When you are looking to purchase a home, it's a good idea to get it inspected first. Think of it as a test drive before you plunk down your life savings and most likely, commit yourself to lengthy mortgage. You want to make sure you're getting a quality home. Below is everything you need to know about getting a home inspection.
A home inspection is the examination of a home, from top to bottom. Just like a routine physical that will alert you to any hidden health problems, an inspection will reveal if a home's structure or if any of its systems are in need of significant repair. Purchasing a home is a big investment -- you're likely to be spending thousands of dollars to buy your new home -- so, you'll want to be sure that your purchase is a smart one. (And that you don't buy the real estate equivalent of a lemon.)
In fact, 99% of all agents counsel their clients to have a home inspection performed of homes they are looking to buy.
When you hire an inspector, look to hire the best -- it only make sense, since buying a home can be an expensive endeavor.
Look to get a professional who's knowledgeable about a home's system -- that person is likely to be a licensed professional engineer (PE). You can search for a PE in your area on Nabie.org, the website for the National Academy of Building Inspection Engineers. You may also want to check up on inspectors you're considering on sites like the Better Business Bureau and Angie's List.
A home inspector will conduct a visual inspection of the home, from the roof to the foundation.

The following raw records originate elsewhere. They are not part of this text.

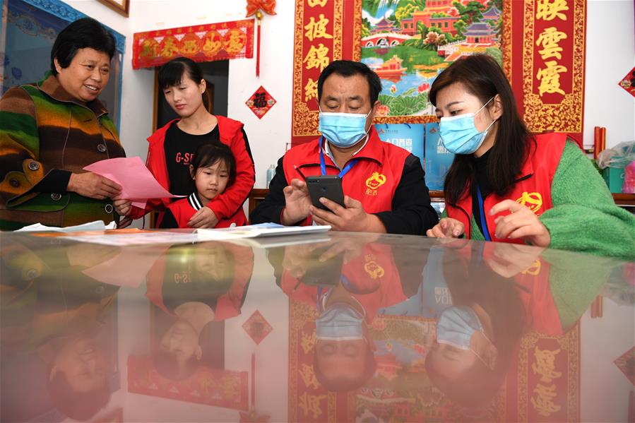 Census takers register residents' information of a household in Zipeng Town of Feixi County, Hefei City of east China's Anhui Province, Nov. 1, 2020. China on Sunday started its seventh national population count, with about 7 million census takers going door to door to document demographic changes in the world's most populous country. (Xinhua/Liu Junxi)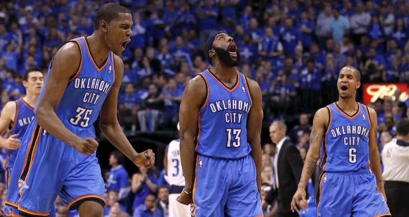 El alero Kevin Durant ha respondido una vez más a su condición de líder de los Thunder al conseguir 24 puntos, cuatro asistencias y tres rebotes. Pero ha sido el escolta reserva James Harden, el sexto jugador del equipo, el que se ha convertido en el factor sorpresa con 23 puntos –cuatro de ellos decisivos al final del tercer período–, siete rebotes y cuatro asistencias. Junto a ellos, el base Russell Westbrook ha firmado 18 puntos y cuatro asistencias.
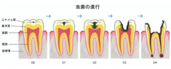 むし歯は、口腔内のむし歯菌が食べ物や飲み物の糖分を分解にして酸を生成し、その酸によって歯が溶けていく状態です。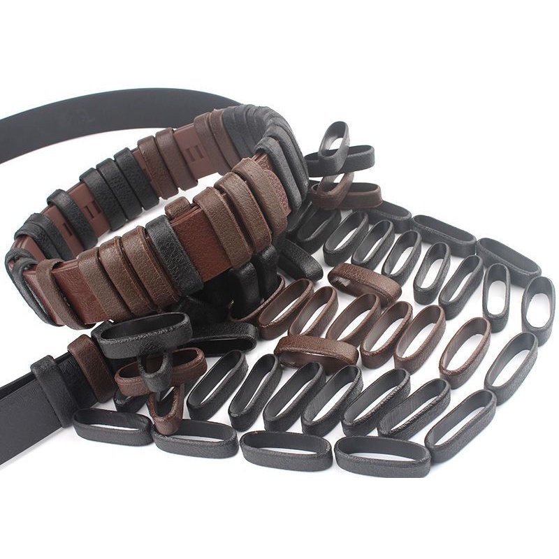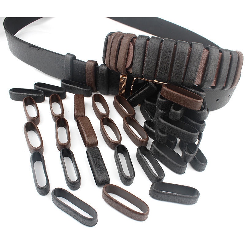 10pcs Set Men's Leather Belt Ring Belt Buckle Loop Fixing Tail Accessories Buckle Keychain Leather Ring Width 4cm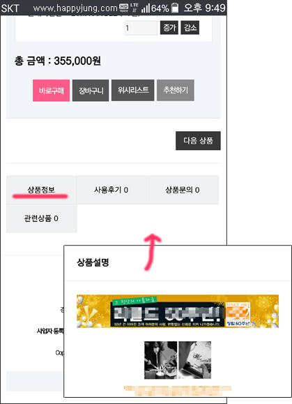 [모바일] 제품상세페이지에서 상품정보(상품설명) 함께보는 방법

He will examine the roof, attic, insulation, the home's heating and air-conditioning systems, the plumbing and electrical systems, walls, ceilings, floors, windows, the basement and the foundation. The exterior of the home will also be inspected, taking into account factors like the condition of the driveway, fences, sidewalks, grading of the property, etc.

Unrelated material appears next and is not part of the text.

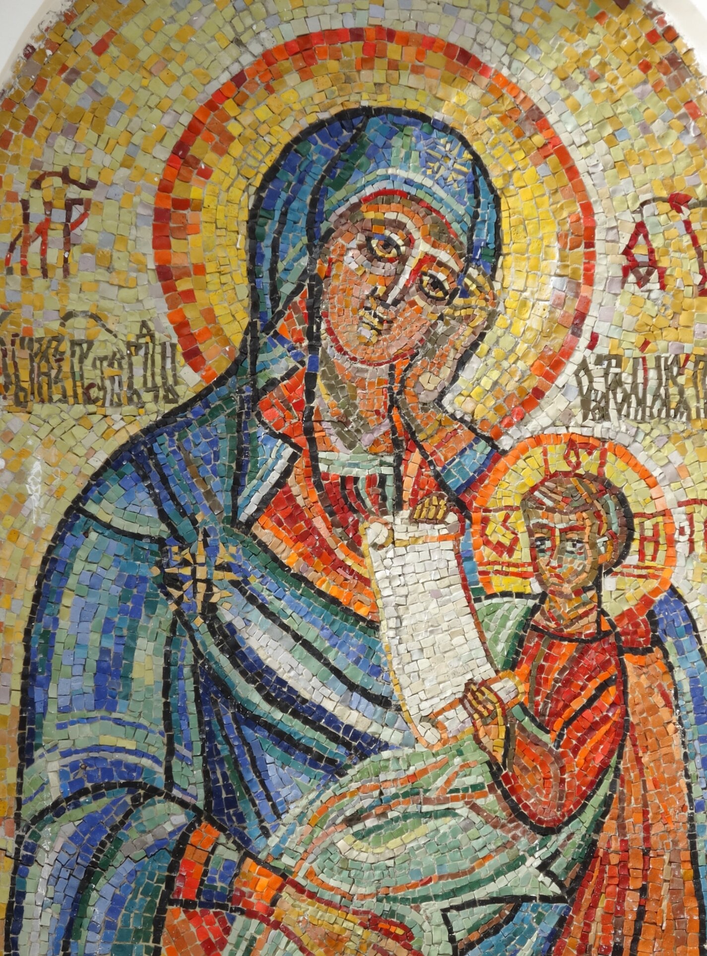 По сторонам от святых образов размещены традиционные греческие монограммы: MP ΘY (Матерь Божия) слева от Богородицы и IC XC (Иисус Христос) справа от Младенца. Художественное исполнение мозаики демонстрирует высокое мастерство иконописца, сохраняющего каноны православной иконографии. Цветовая палитра сочетает золотые фоны, символизирующие Божественный свет, и насыщенные пурпурные тона одеяний, указывающие на царское достоинство Христа и Богородицы.

The average inspection of a single-family home should take two to three hours, according to hud.gov, the website for the U.S. Department of Housing and Urban Development.
The fee for a home inspection can vary widely, depending on your home's location, size, age and the services being performed -- e.g., if there is a septic system that needs to be inspected, or if the home is being checked for radon. Typically, a home inspection for a single-family house will fall within the range of $300 to $500, according to hud.gov.
A quality home inspector will provide a printed (not hand-written) copy of the results. Ask any inspector you're thinking of hiring about what kind of report he will provide and exactly what will be covered in the report. The report should note what systems in the home are defective and what needs repair. Also ask how long it will take for your inspector to get the report to you.
Your inspection report should reveal the overall condition of the home, what repairs are needed, the severity of the needed fixes and their potential cost. You can then use the results of the inspection to determine your next step -- e.g., if you're happy with the home as it is, or if you want to negotiate with the seller to complete some fixes or lower the price on the property.